Non-atomic finite measure space $(X,\mathcal{A})$ allows a partition $\left( X_i\right)_{i=1}^m$

Question

Let $(X,\mathcal{A},\mu)$ be a finite and non-atomic measure space. I want to show that for every $\varepsilon >0$ there is a finite partition of $X$ into subsets $X_1,...,X_m$ with $\mu(X_i)<\varepsilon$.

I think that I have found a simple proof, but have doubts because it is so simple.

Proof:

By the property of non-atomic I can find a sequence $X\supset A_1^1\supset A_2^1\supset ... \supset A_n^1\supset ... $ with $\mu(X)> \mu(A_1^1)> \mu(A_2^1)> ... > \mu(A_n^1)> ...>0$ where $\mu(A_n^1)<\varepsilon$

Now we do the same for $X\setminus A_n^1$:

$X\setminus A_n^1\supset A_1^2\supset A_2^2\supset ... \supset A_n^2\supset ... $ with $\mu(X\setminus A_n^1)> \mu(A_1^2)> \mu(A_2^2)> ... > \mu(A_n^2)> ...>0$ where $\mu(A_n^2)<\varepsilon$

Then we just repeat with $X\setminus (A_n^1\cup A_n^2)$. Since the measure space is finite, there must be (use monotonicity of the measure) an $m\in\mathbb{N}$ with $X=\bigcup_{i=1}^m A_n^i$ where the $A_n^i$ are disjoint by construction.

Answer 1

This is immediate from

Theorem (Seirpinski). If $\mu$ is a non-atomic measure on $X$ and $0<\alpha<\mu(X)$ then there exists $E\subset X$ with $\mu(E)=\alpha$.

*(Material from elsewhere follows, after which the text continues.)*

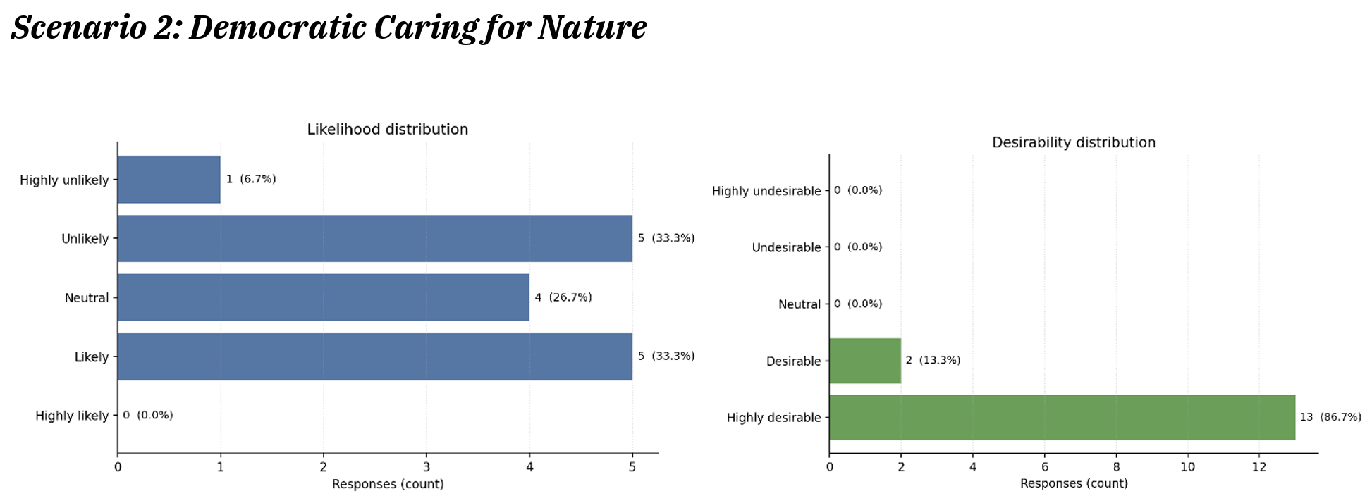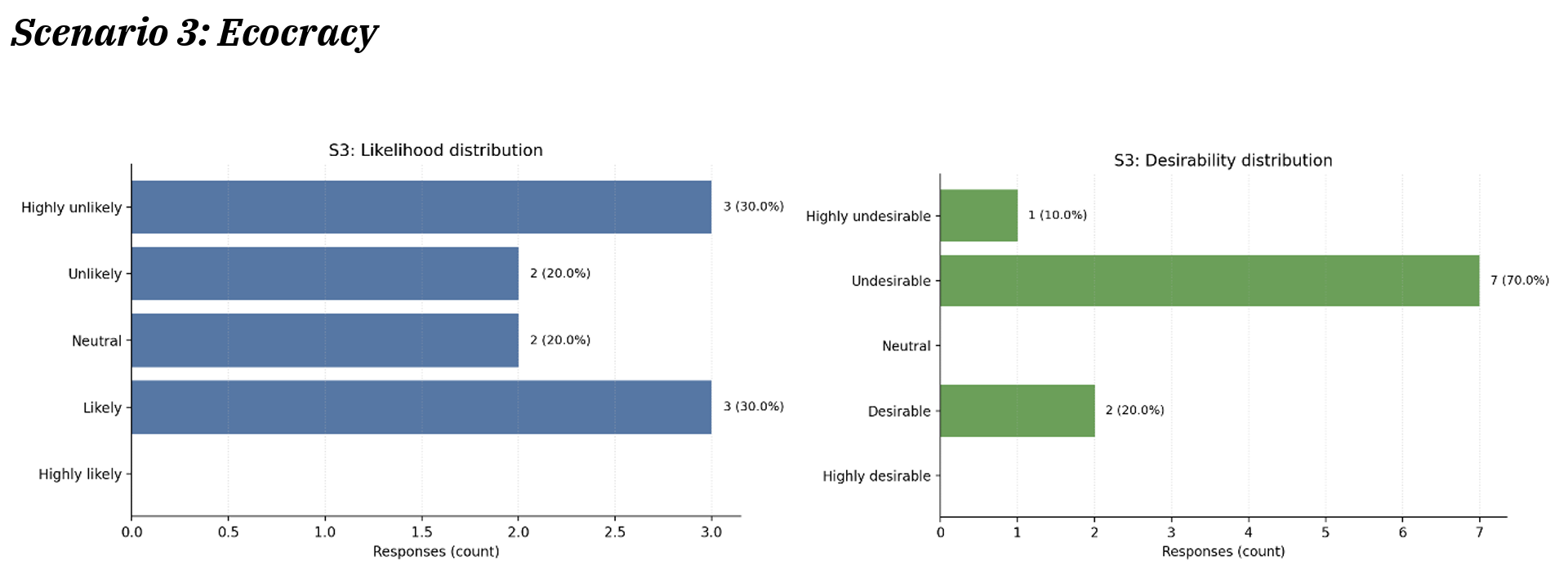 Legvalószínűbb forgatókönyvnek az Autokratikus összeomlást látták a szakértők, míg legvalószínűtlenebbnek az Ökokráciát. Javasoltnak mindössze a Demokratikus gondoskodás a természetről elnevezésű jövőképet minősítették, miközben az 1. lehetőséget kifejezetten nemkívánatosnak tartották. A 2. lehetőség számos központi elemet tartalmaz a nemnövekedési és a növekedés utáni elméletekből, valamint fontos részét képezi a fenntartható átalakulás is.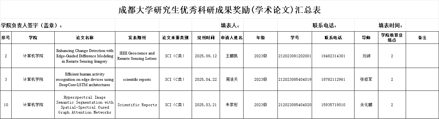 经个人申报、学院初审,现将2025年学院研究生优秀科研成果拟推荐名单予以公示。公示期:2025年10月29日-10月31日。师生如有异议,请于公示期内实名反映,逾期不予受理。联系电话:028-84616156。

Incidentally, it seems to me that the comments regarding what's wrong with your proof of the existence of that partition are close to backwards. First, although you didn't explain why, which you need to do, getting $\mu(A)<\epsilon$ is easy; perhaps "trivial", certainly not "highly non-trivial":

Easy Lemma. If $\mu$ is a non-trivial finite non-atomic measure on $X$ then there exists $E\subset X$ with $0<\mu(E)\le\mu(X)/2$.

Proof: Since $\mu$ is non-atomic there exists $E_1\subset X$ with $0<\mu(E_1)<\mu(X)$. Now either $E=E_1$ or $E=X\setminus E_1$ works.

Applying that finitely many times gives $0<\mu(A)<\epsilon$, no problem. The actual problem with your construction is this:

We start by finding $E_1\subset X$ with $0<\mu(E_1)<\epsilon$, then $E_2\subset X\setminus E_1$ with $0<\mu(E_2)<\epsilon$, etc. It does not follow that there exists $n$ with $X=E_1\cup\dots\cup E_n$ (modulo null sets).

The problem is that $\mu(E_k)$ may be too small; for example if $\mu(E_k)=\mu(X)/3^k$ then $$\mu\left(X\setminus\bigcup_{k=1}^\infty E_k\right)>0.$$

(Indeed, this is exactly why Seirpinski's Theorem is not a trivial consequence of the Easy Lemma; note that the theorem does follow in a very straightforward way from an improved version:

Somehwhat Harder Lemma. If $\mu$ is a non-trivial finite non-atomic measure on $X$ then there exists $E\subset X$ with $\frac13\mu(X)\le\mu(E)\le\frac23\mu(X)$.)